Directions — Without any pictures, retype exactly the lines that begin at the one holding "248,5 x 149 mm |" and end at the last line of the data below.

Collected data entries —
================

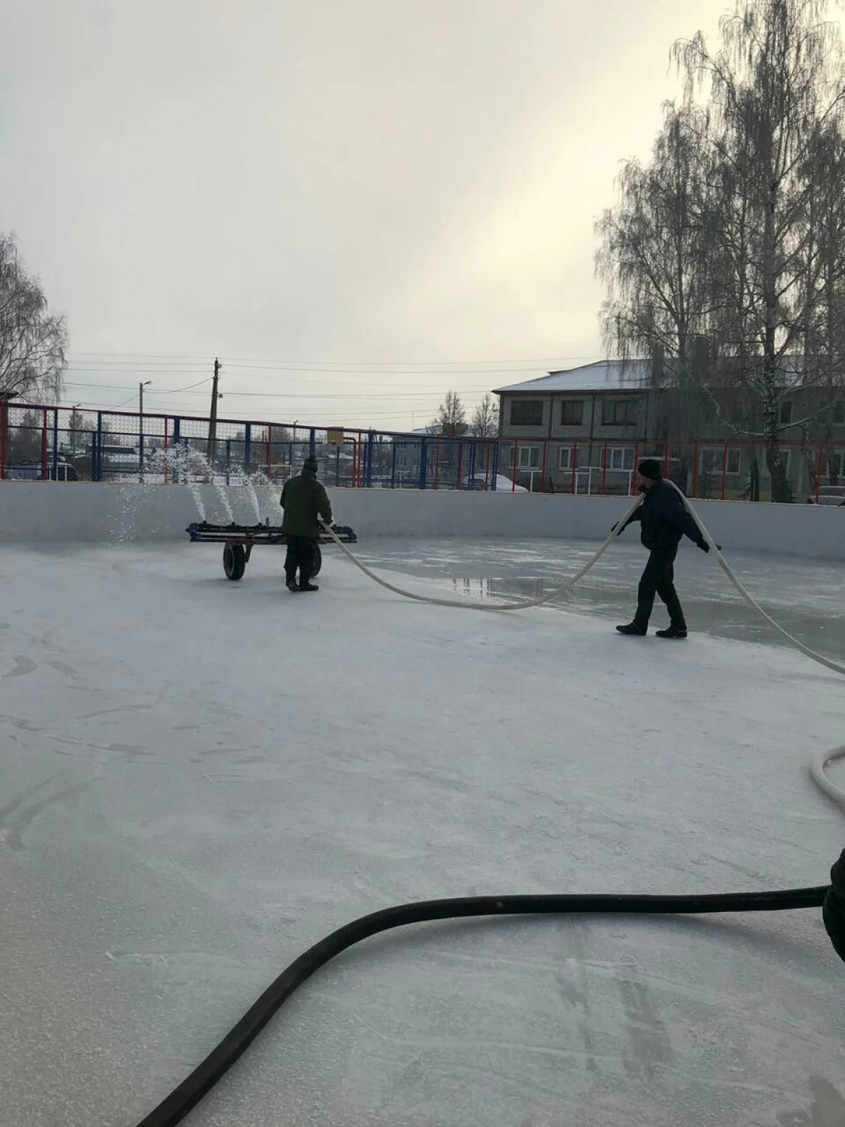 Житель села в прошлом году смастерил устройство для заливки и выравнивания льда.
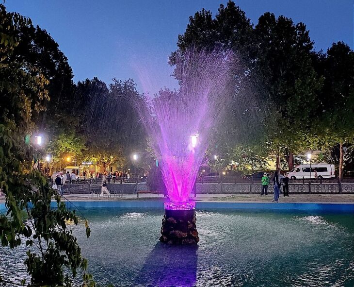 Ночной Екатерининский сквер (Городской сад) в Симферополе окрасился разноцветной радугой. На набережной Салгира отремонтировали искусственные пруды и появился крутящийся фонтан с разноцветной подсветкой.
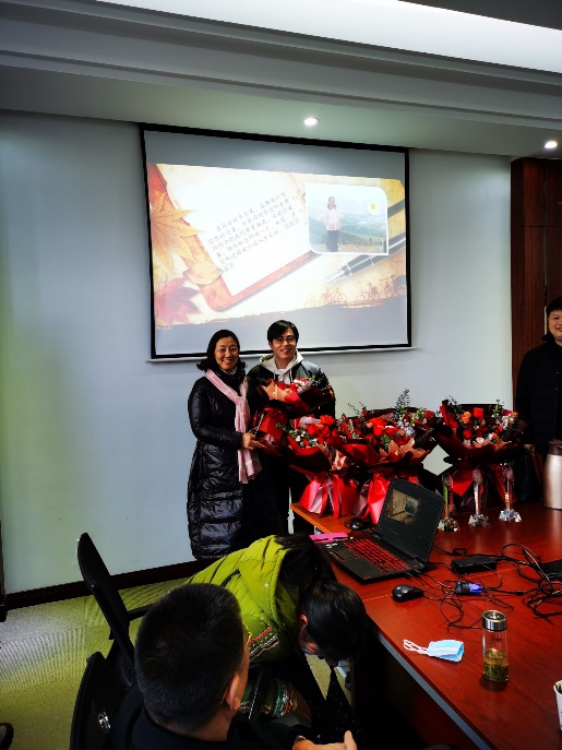 2021年1月11日下午,太阳集团2138老师们在东区综合楼B708隆重集会,为2020年光荣退休的陈艳玲、魏昌华、吴超、万安娃、魏青和王传金6位老师举行“终身成就奖”颁奖典礼。大会由材化学院工会主席沈毅主持,出席大会的领导有院长夏帆教授,黄菊书记及材料系、化学系和实验中心主任、副主任。夏帆院长在致辞中充分肯定了6位老师在几十年的工作中为学院在教学、科研和学科建设中做出的杰出贡献。夏院长饱含深情的说到:几十年来,6位老师在各自的工作岗位上,勤勤恳恳,任劳任怨,忘我工作,把自己的青春和力量无私地奉献给了高等教育事业,把自己的工作热情和智慧奉献给了你们钟爱的材化学院,我们要将他们的优良传统和认真工作的态度传递和发扬下去,把我们材化学院建设得更美好。在他们退休之际,材化学院领导及老师们见证他们的荣光,将材化学院最高荣誉—终身成就奖授予他们。
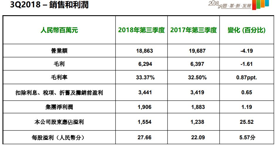 通过数据可以看出,总体上,康师傅在2018年前三季度营收、净利润双双增长,成绩不错,但是到第三季公司的营收却出现同比下滑。
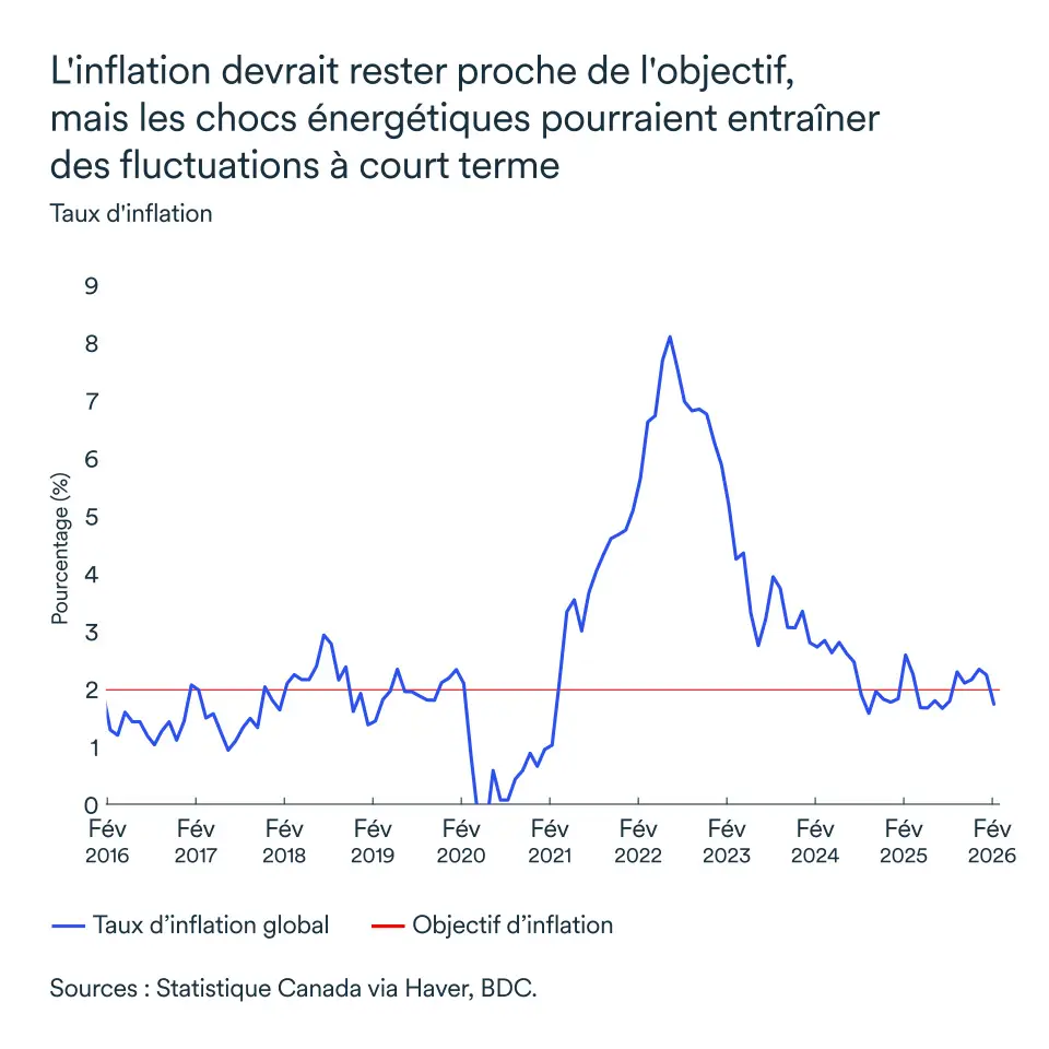Après le chaos de 2022 — année où l'inflation globale a dépassé les 8 % —, le Canada a largement remporté la bataille contre cette période de flambée des prix. En février 2026, l’inflation s’établit juste en dessous de l’objectif de la Banque, à 1,8 %. Le taux directeur de la banque centrale s’élève actuellement à 2,25 %, soit le niveau inférieur de sa fourchette neutre. Le taux directeur ne devrait pas évoluer à court terme, car l’économie est encore en surcapacité.
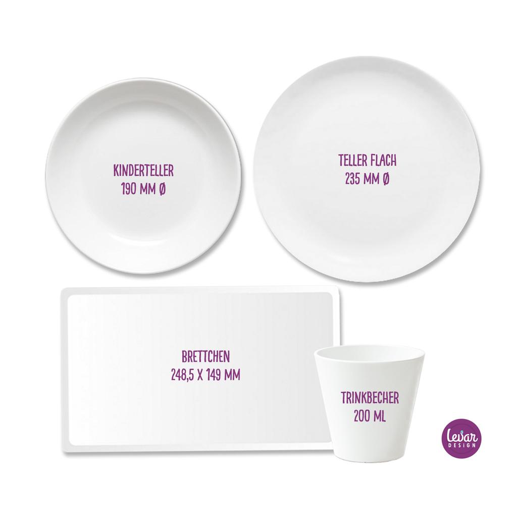 | 4er Set | kleiner Teller Ø 19,5 cm, Schälchen Ø 19,0 cm, Trinkbecher Ø 80 mm, Höhe 75 mm, Füllmenge: 200 ml, Brettchen 248,5 x 149 mm |
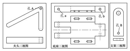 (1)、夹头向下压紧工件后,手柄停止旋进。此时夹头的主要受力形式为、丝杆的主要受力形式为(在①受拉;②受压;③受弯曲;④受剪切;⑤受扭转中选择合适的序号,将序号填入横线处)。(2)、图2为夹头、底座、支架的三视图,根据三视图中的信息,则底座的孔a和夹头孔A,可以加工内螺纹的是(在①底座孔a;②夹头孔A中选择合适的序号,将序号填入横线处);底座孔b和支架孔B,需要加工内螺纹的是(在①底座孔b;②支架孔B中选择合适的序号,将序号填入横线处)。图2
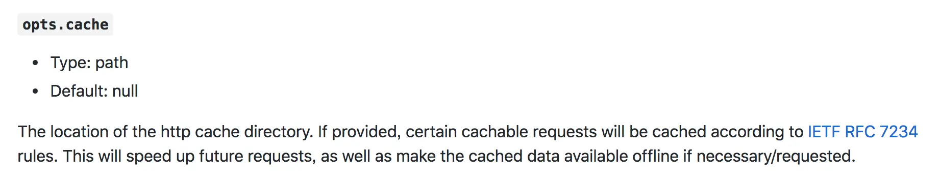 可知,如果设置了 cache 的值(npm中是 ~/.npm/_cacache),便会在给定的路径下创建根据IETF RFC 7234生成的缓存数据。打开那个rfc的地址,发现就是描述 HTTP 缓存的文档,所以本段开头说的 index-v5 下面的文件也就好理解了。

================

Result of the exercise —
 | 4er Set | kleiner Teller Ø 19,5 cm, Schälchen Ø 19,0 cm, Trinkbecher Ø 80 mm, Höhe 75 mm, Füllmenge: 200 ml, Brettchen 248,5 x 149 mm |
 (1)、夹头向下压紧工件后,手柄停止旋进。此时夹头的主要受力形式为、丝杆的主要受力形式为(在①受拉;②受压;③受弯曲;④受剪切;⑤受扭转中选择合适的序号,将序号填入横线处)。(2)、图2为夹头、底座、支架的三视图,根据三视图中的信息,则底座的孔a和夹头孔A,可以加工内螺纹的是(在①底座孔a;②夹头孔A中选择合适的序号,将序号填入横线处);底座孔b和支架孔B,需要加工内螺纹的是(在①底座孔b;②支架孔B中选择合适的序号,将序号填入横线处)。图2
 可知,如果设置了 cache 的值(npm中是 ~/.npm/_cacache),便会在给定的路径下创建根据IETF RFC 7234生成的缓存数据。打开那个rfc的地址,发现就是描述 HTTP 缓存的文档,所以本段开头说的 index-v5 下面的文件也就好理解了。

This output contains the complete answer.